● **WHAT YOU NEED TO DO**
Restate the listing below line for line and word for word, without the pictures.
[Opening DATASET EXTRACT section]
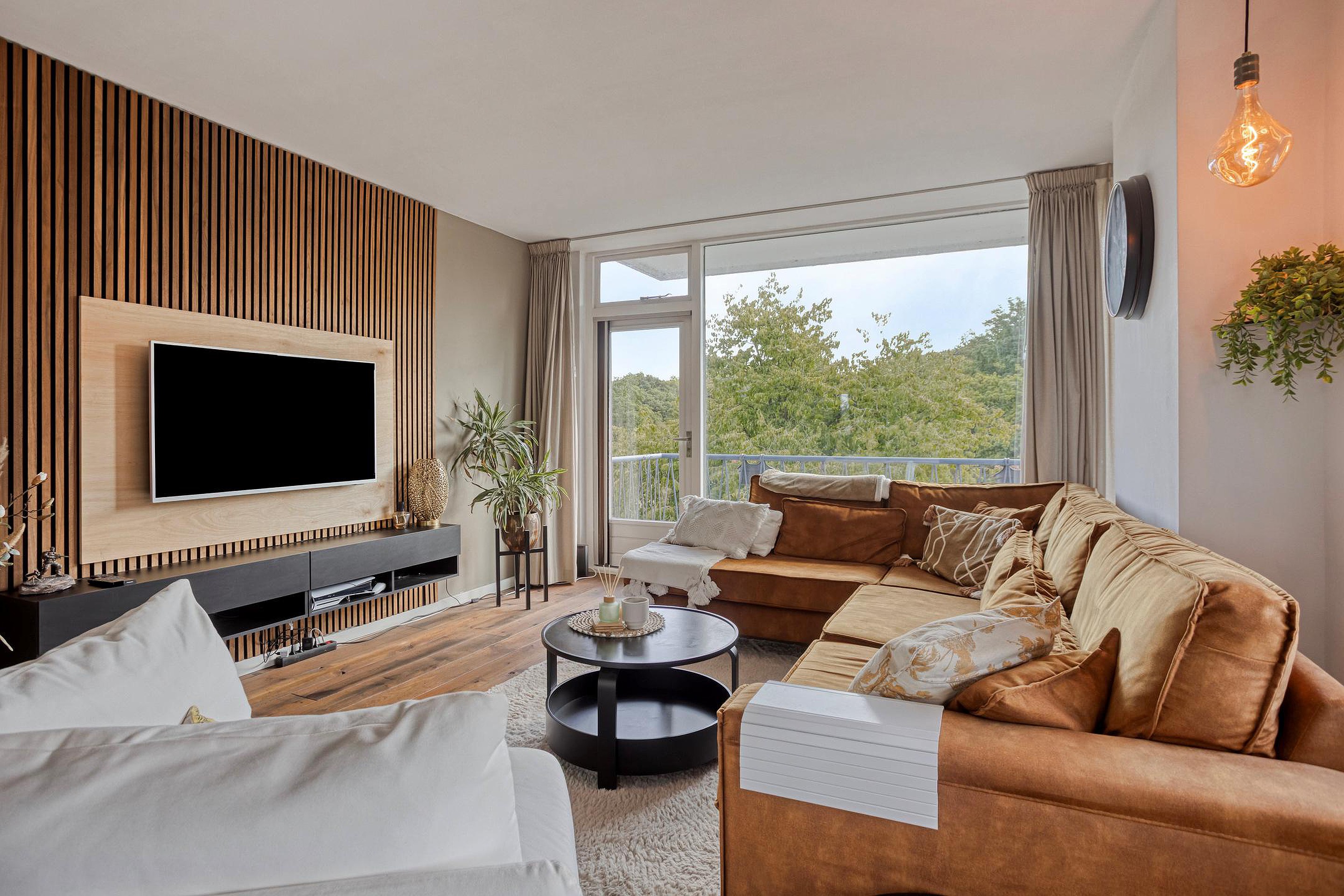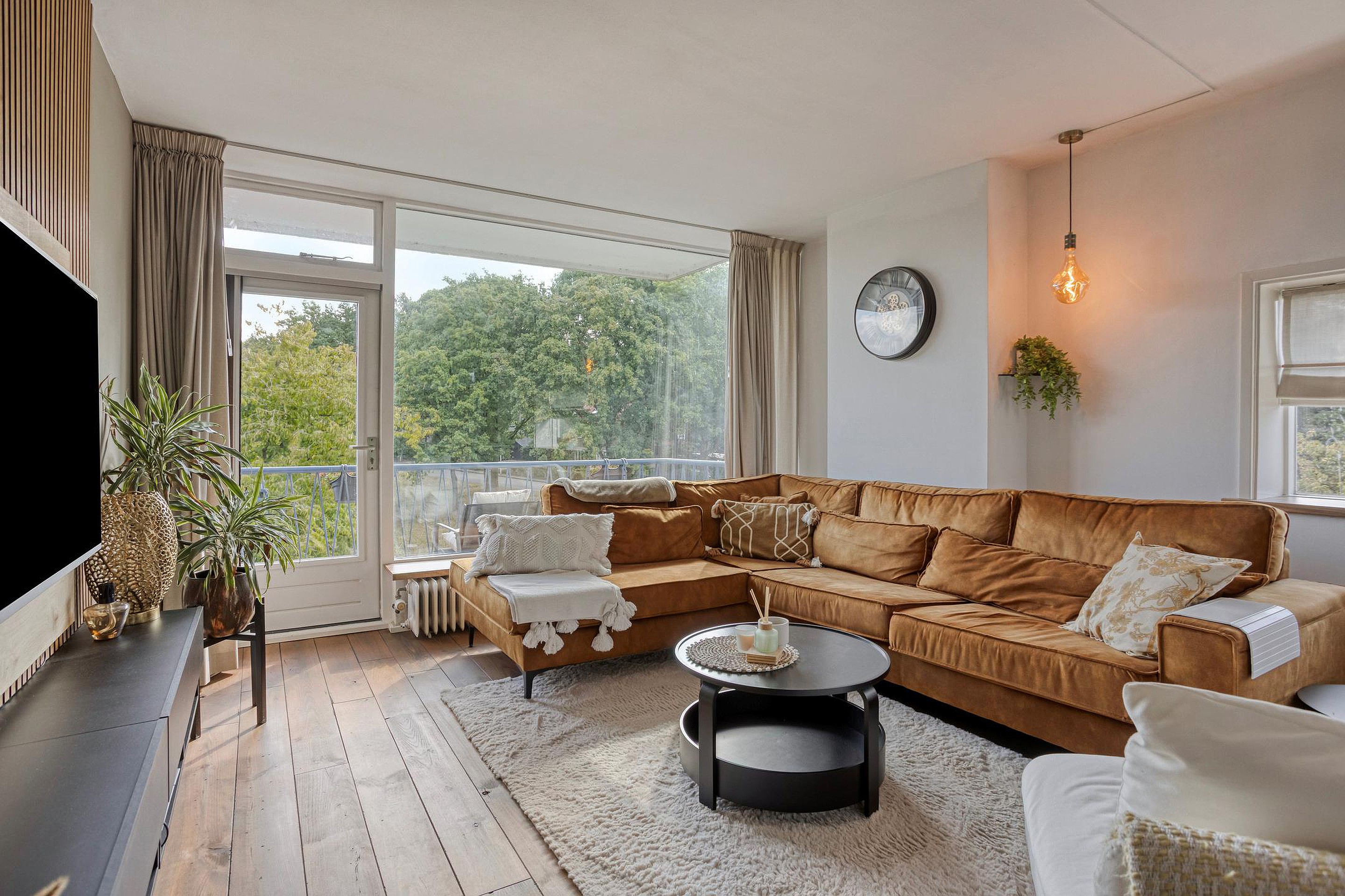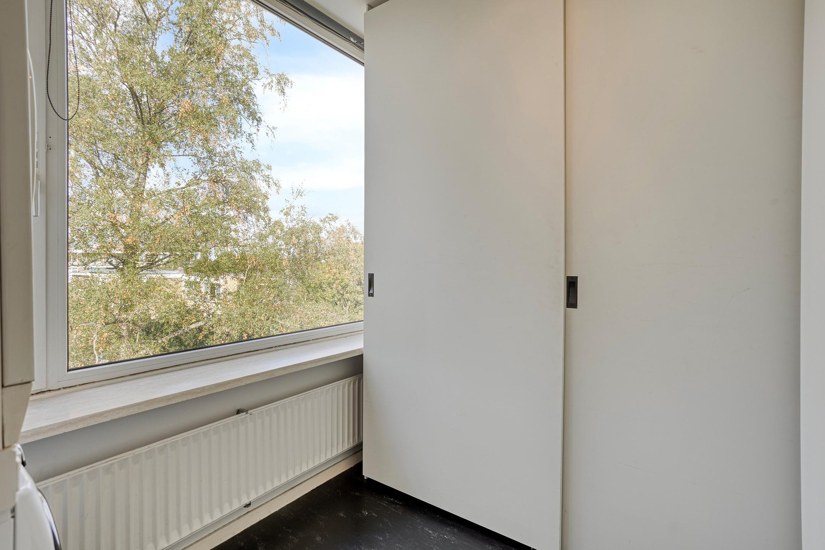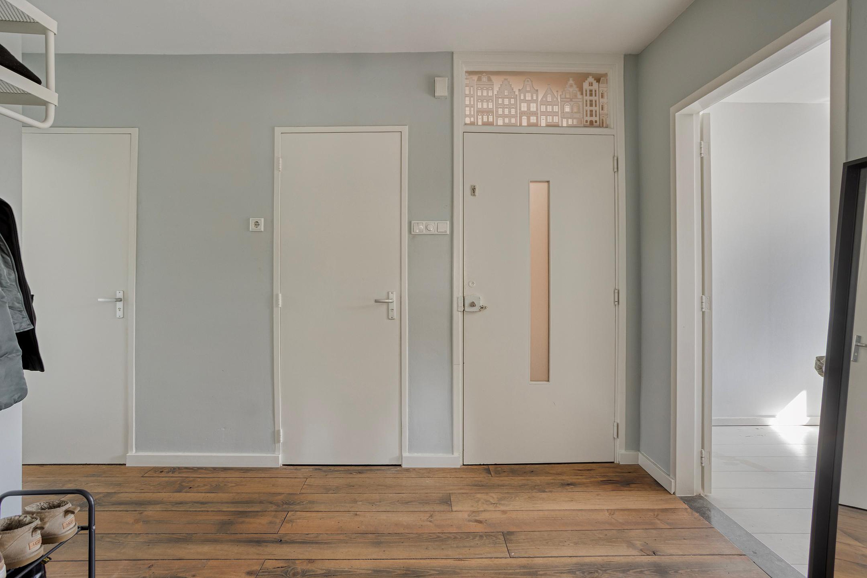 U komt binnen in de ruime hal, waar u de meterkast, ruimte voor een garderobe, een moderne toiletruimte met fontein en de nieuwe badkamer (2021) treft. Vanuit de hal zijn alle woonvertrekken bereikbaar. De ruime woonkamer wordt gevuld met veel lichtinval, door de raampartijen aan 3 zijden en de balkondeuren aan weerszijden. Het appartement is voorzien van een nette afwerking, met lichte wanden en een houten vloer (2019). Er is genoeg ruimte voor een fijne zithoek en een grote eethoek is ook zo geplaatst.
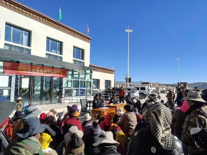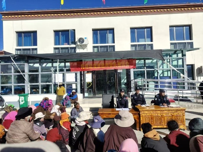 活动当天,玛朗安置点村委会前人头攒动,群众们聚集在宣讲桌前,等待着警民交流座谈和普法宣传教育。派出所所长普布扎西向群众汇报了托林边境派出所工作职责和履职情况,为拉近警民感情、交流社情民意打好了基础。随后,两名宣讲民警用群众易于理解的语言分别宣讲《西藏自治区边境管理条例》《治安管理处罚法》和交通安全知识,结合典型案例以案释法、以案普法,让法律知识以引人深思、令人警醒的典型案例为载体深入群众脑海,群众们认真聆听、积极问答,现场交流研讨的氛围热烈。
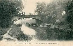 Aux environs de Charmentray.- Un automoteur de canal au pont de la mairie de Pantin.
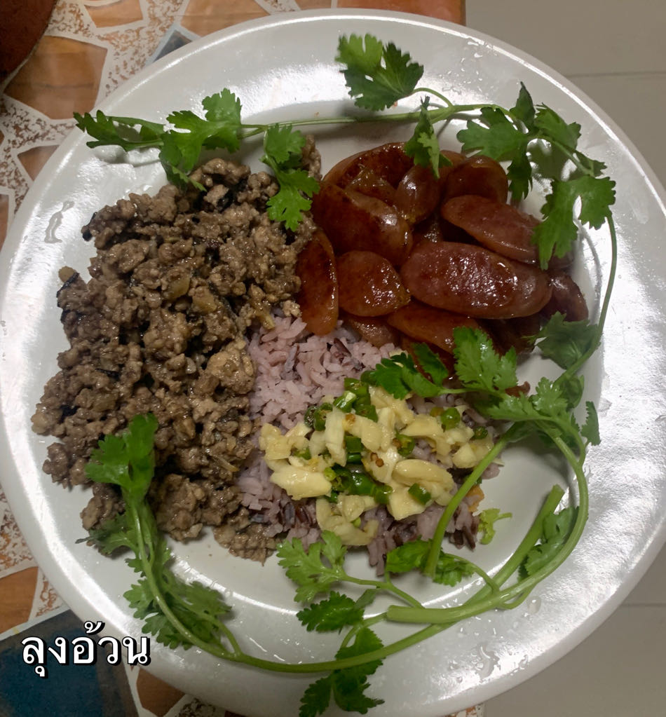 ข้าวราดหมูสับผัดหนำเลี้ยบ & กุนเชียงทอดน้ำ
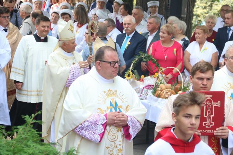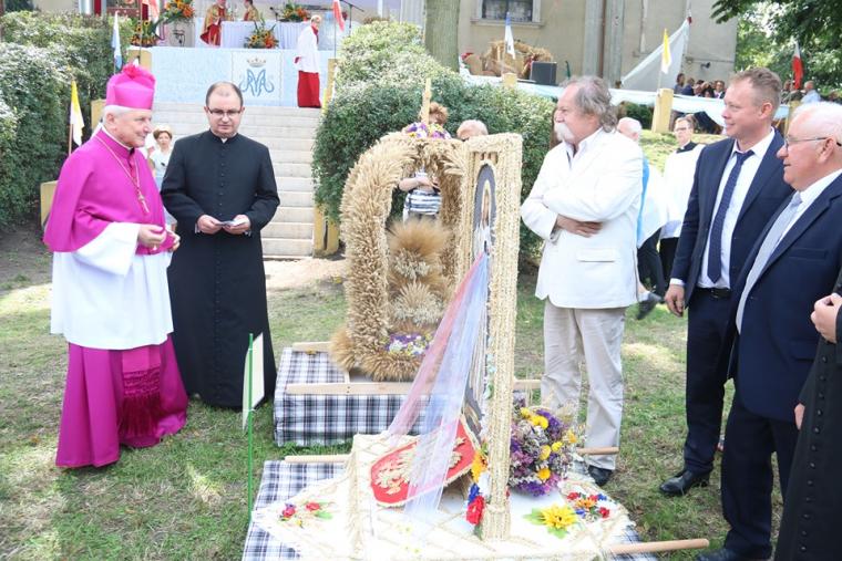 Po Eucharystii starostowie dożynek: Monika i Karol Grzeszczyk z Rudy w gminie Zduny oraz starostowie pomocniczy Agnieszka Kaj i Jan Jaskuła z Lutogniewa oraz Małgorzata Ziętek z Fijałowa i Bronisław Koncewicz z Długołęki w gminie Kobylin złożyli bochen chleba na ręce biskupa kaliskiego Edwarda Janiaka, kustosza Sanktuarium Matki Bożej Pocieszenia w Lutogniewie ks. kan. Łukasza Żurawskiego i starosty krotoszyńskiego Stanisława Szczotki. W swoim wystąpieniu biskup kaliski prosił, aby młode pokolenia uczyć miłości do ziemi: „Dzisiaj trzeba mówić dzieciom i wnukom o przodkach. Trzeba uczyć miłości do ojczyzny. Dzisiaj, kiedy jesteśmy w Europie i napływają do nas te wszystkie trendy, również negatywne to bardzo ważne jest, aby pielęgnować wiarę, uczyć modlitwy. W tej wielkiej Europie jesteśmy taką gwiazdą nadziei tradycji, świętości, miłości do Kościoła i ojczyzny.”.
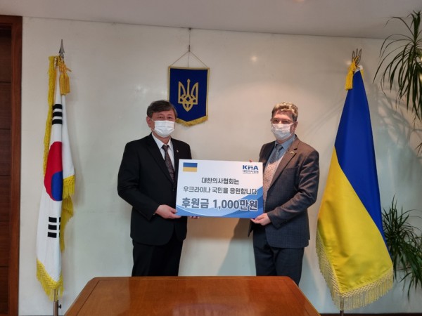 대한의사협회(회장 이필수)는 전쟁으로 어려움에 처해 있는 우크라이나 국민들을 응원하기 위해 7일 오후 주한 우크라이나 대사관을 통해 성금 1천만원을 전달했다고 밝혔다. 의협은 “삶의 터전이 파괴되고 수많은 민간인과 어린이들이 희생되고 있는 우크라이나의 안타까운 현실에서, 조금이나마 힘을 보태고자 인도적 지원 성금을 전달하게 되었다”고 취지를 밝혔다.
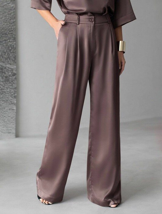 09.04 Vilatte Брюки палаццо широкие из струящегося сатина D24.304 кофейный
[Closing DATASET EXTRACT section]
● **RESPONSE BELOW**
 U komt binnen in de ruime hal, waar u de meterkast, ruimte voor een garderobe, een moderne toiletruimte met fontein en de nieuwe badkamer (2021) treft. Vanuit de hal zijn alle woonvertrekken bereikbaar. De ruime woonkamer wordt gevuld met veel lichtinval, door de raampartijen aan 3 zijden en de balkondeuren aan weerszijden. Het appartement is voorzien van een nette afwerking, met lichte wanden en een houten vloer (2019). Er is genoeg ruimte voor een fijne zithoek en een grote eethoek is ook zo geplaatst.
 活动当天,玛朗安置点村委会前人头攒动,群众们聚集在宣讲桌前,等待着警民交流座谈和普法宣传教育。派出所所长普布扎西向群众汇报了托林边境派出所工作职责和履职情况,为拉近警民感情、交流社情民意打好了基础。随后,两名宣讲民警用群众易于理解的语言分别宣讲《西藏自治区边境管理条例》《治安管理处罚法》和交通安全知识,结合典型案例以案释法、以案普法,让法律知识以引人深思、令人警醒的典型案例为载体深入群众脑海,群众们认真聆听、积极问答,现场交流研讨的氛围热烈。
 Aux environs de Charmentray.- Un automoteur de canal au pont de la mairie de Pantin.
 ข้าวราดหมูสับผัดหนำเลี้ยบ & กุนเชียงทอดน้ำ
 Po Eucharystii starostowie dożynek: Monika i Karol Grzeszczyk z Rudy w gminie Zduny oraz starostowie pomocniczy Agnieszka Kaj i Jan Jaskuła z Lutogniewa oraz Małgorzata Ziętek z Fijałowa i Bronisław Koncewicz z Długołęki w gminie Kobylin złożyli bochen chleba na ręce biskupa kaliskiego Edwarda Janiaka, kustosza Sanktuarium Matki Bożej Pocieszenia w Lutogniewie ks. kan. Łukasza Żurawskiego i starosty krotoszyńskiego Stanisława Szczotki. W swoim wystąpieniu biskup kaliski prosił, aby młode pokolenia uczyć miłości do ziemi: „Dzisiaj trzeba mówić dzieciom i wnukom o przodkach. Trzeba uczyć miłości do ojczyzny. Dzisiaj, kiedy jesteśmy w Europie i napływają do nas te wszystkie trendy, również negatywne to bardzo ważne jest, aby pielęgnować wiarę, uczyć modlitwy. W tej wielkiej Europie jesteśmy taką gwiazdą nadziei tradycji, świętości, miłości do Kościoła i ojczyzny.”.
 대한의사협회(회장 이필수)는 전쟁으로 어려움에 처해 있는 우크라이나 국민들을 응원하기 위해 7일 오후 주한 우크라이나 대사관을 통해 성금 1천만원을 전달했다고 밝혔다. 의협은 “삶의 터전이 파괴되고 수많은 민간인과 어린이들이 희생되고 있는 우크라이나의 안타까운 현실에서, 조금이나마 힘을 보태고자 인도적 지원 성금을 전달하게 되었다”고 취지를 밝혔다.
 09.04 Vilatte Брюки палаццо широкие из струящегося сатина D24.304 кофейный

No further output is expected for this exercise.